- Born: Chandigarh, India
- Known for: Social work
- Awards: Padma Shri

= Jagdish Lal Ahuja =

Indian social worker (died 2021)

Jagdish Lal Ahuja, popularly known as Langar Baba (1930s – 29 November 2021), was a social worker from Chandigarh, India. He was known for offering free meals for hungry and poor people. In 2020, he was awarded the Padma Shri, fourth highest civilian award of India, for his contributions in social work.

==Early life==
Ahuja migrated to the Dominion of India from Peshawar, Dominion of Pakistan, at the age of 12 following the Partition of India. His family took refuge in Patiala and then in Amritsar and Mansa.

==Social work==
Ahuja served the poor and hungry people by organising Langar daily for 2,500 people. He started organising langar at the Postgraduate Institute of Medical Education and Research, Chandigarh in January 2000 when he was admitted there for treatment of cancer. He later offered free meals at the Government Medical College and Hospital, sector 32, Chandigarh as well.

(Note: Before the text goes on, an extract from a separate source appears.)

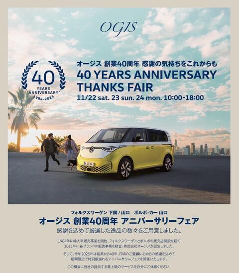 弊社株式会社オージス、創業40周年、日頃のご愛顧に感謝の気持ちを込めて11月22日(土)23(火)24(月)の3日間 アニバーサリーフェアを開催致します♪40周年記念特別サポート付き限定車もご用意致しました!アニバーサリーフェア期間中にご成約頂いたお客様に特別なプレゼントもございます(^_-)-☆そして!これからの時期を快適に過ごして頂く為のサービスメニューも10%OFFにてご提供致します!!スタッフ一同皆様のご来店を心よりお待ちしております(^^)/

He offered free meals to people for the last 19 years prior to his death. He sold a chunk of his 36 acres farm, a 9-acre farm, a plot of one kanal in Panchkula, and a couple of showrooms to fund the free meals.

==Recognition==
Ahuja was conferred the Padma Shri, fourth highest civilian award of India, in the field of social work on 26 January 2020.